НЕКЛЕССА: Были заменителем. Как раз очень хорошая транзитная дорожка для того, чтобы перевести традиционный язык, социокультурный язык клановой культуры на рельсы современности. То есть такая специфическая восточная модернизация. Та модернизация, которая существенно отличается от западноевропейского базового кода, но которая привела к достаточно схожим результатам.

РЕМИЗОВ: Можно сказать "перевести на рельсы", а можно сказать "востребовать ресурсы прежнего сословного общества для формирования современного общества". Я думаю, что и на Западе тоже мы видим примеры корпоративных успехов, которые связаны не только с прибылью капитализации, но с миссией, которые связаны с семейной честью, с честью основателя. У нас, к сожалению, корпорации – это просто приходящие оболочки для деловых интересов их владельцев.

НЕКЛЕССА: Мне кажется, что это естественный процесс. Я имею в виду то, что вы сказали про западные корпорации по поводу того, что пиджачок текущей прибыли и даже актуальной капитализации, он тесноват. Потому что субъект развития выстраивает достаточно сложную комплексную структуру, которая имеет определённый горизонт планирования и, по-моему, самое существенное – всё возрастающий вес нематериальных активов. Потому что нематериальные активы это такая сложная субстанция, которая начинает сливаться с такими понятиями как доверие, мораль...

РЕМИЗОВ: Репутация.

НЕКЛЕССА: Совершенно верно. Символический капитал, социальный капитал и так далее. То есть введение нематериальных активов заставляет мыслить сложно, быть сложной личностью, будь то управленец, будь это директор или президент корпорации, будь это такой странный субъект как сама корпорация. Ведь это живой организм.

РЕМИЗОВ: Собственно, задача развития субъектности корпорации, она и состоит в том, чтобы перейти от этой модели бухгалтерской калькуляции к модели формирования субъекта развития, в том числе на базе нематериальных активов.

НЕКЛЕССА: Михаил, а тогда... Вот у меня начинает немножечко так расплываться понятие "модернизация". А почему модернизация тогда?

РЕМИЗОВ: Нет, постойте, то, о чём мы говорим, это не модернизация – это предпосылки модернизации.

НЕКЛЕССА: По-моему, это даже не предпосылки, а следствия в определённом смысле. Потому что это уже какой-то новый регистр. То есть на основании уже созданной корпоративной культуре, индустриальной культуре... В конечном итоге, когда мы говорим о постиндустриальном обществе или нематериальных активов, мы же не подозреваем, что постиндустриальное общество это общество, в котором нет индустриальной культуры, нет индустриальных достижений, нет производства вещей.

РЕМИЗОВ: У нас часто подразумевают именно так.

НЕКЛЕССА: Да, иногда да, бывает.  Ну, мало ли как.

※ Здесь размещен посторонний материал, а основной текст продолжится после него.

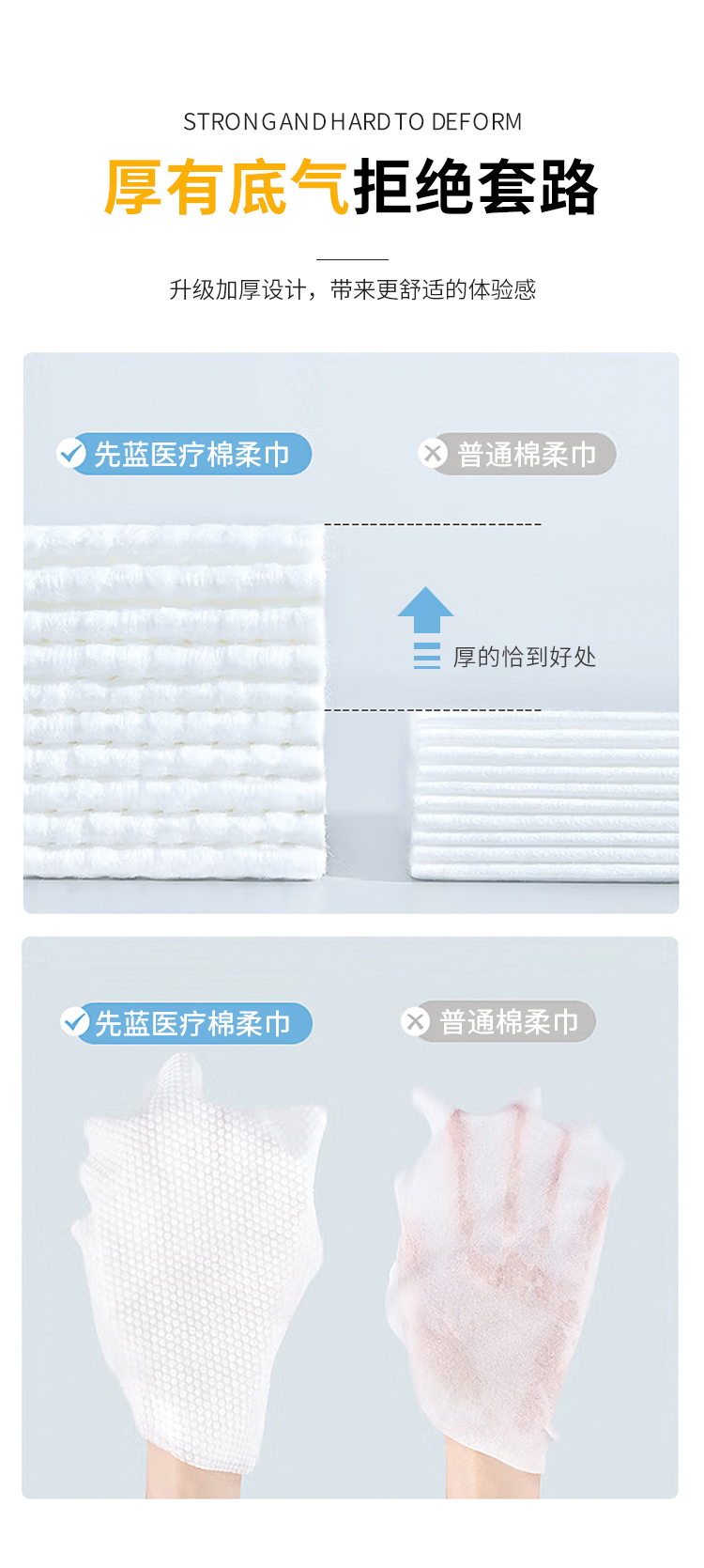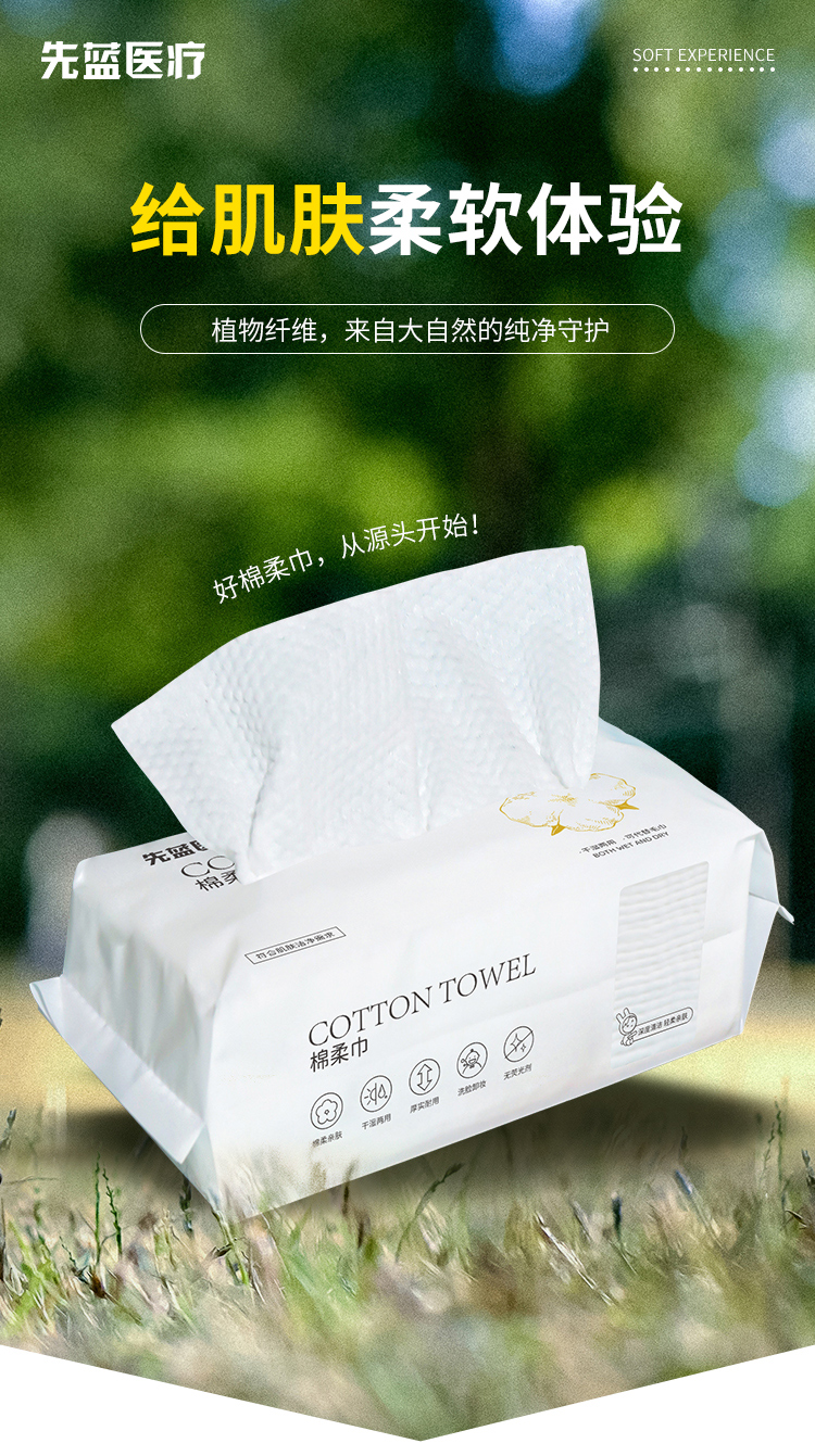 【超值5包装】先蓝棉柔洗脸巾 50抽/包 加大加厚20cm*20cm 干湿两用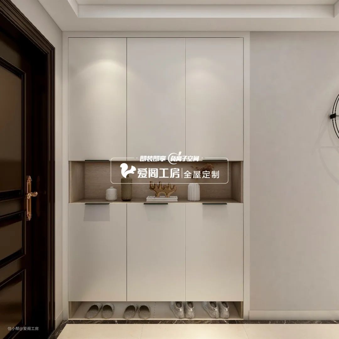 入户玄关,窥一隅而晓全貌。简单的线条,没有夸张的装饰,柜体中间留空,方便随手收纳置物,底部悬空,放置家人常穿的鞋子,方便又不占多余的空间。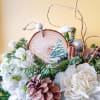 Collect Evy' hand-painted Wooden Christmas tree ornament. Each ornament is hand painted so slight variations may be present. The ornament is placed in a gorgeous winter looking arrangement of white flowers and winter greens as if sitting on a fresh snowfall.

Но всё-таки настоящий разговор ведётся о том, что появляется дополнительный этаж, который имеет большее значение, возрастающее значение, но не отменяет предыдущее. Об этом мы продолжим после краткого выпуска новостей. Телефон студии: 730-73-70.

Новости.

***

НЕКЛЕССА: У микрофона Александр Неклесса. Сегодня я беседую с президентом Института национальной стратегии Михаилом Ремизовым. И мы говорим о таком интересном и актуальном понятии как модернизация, неожиданно актуальном и подверженном достаточно серьёзной критики.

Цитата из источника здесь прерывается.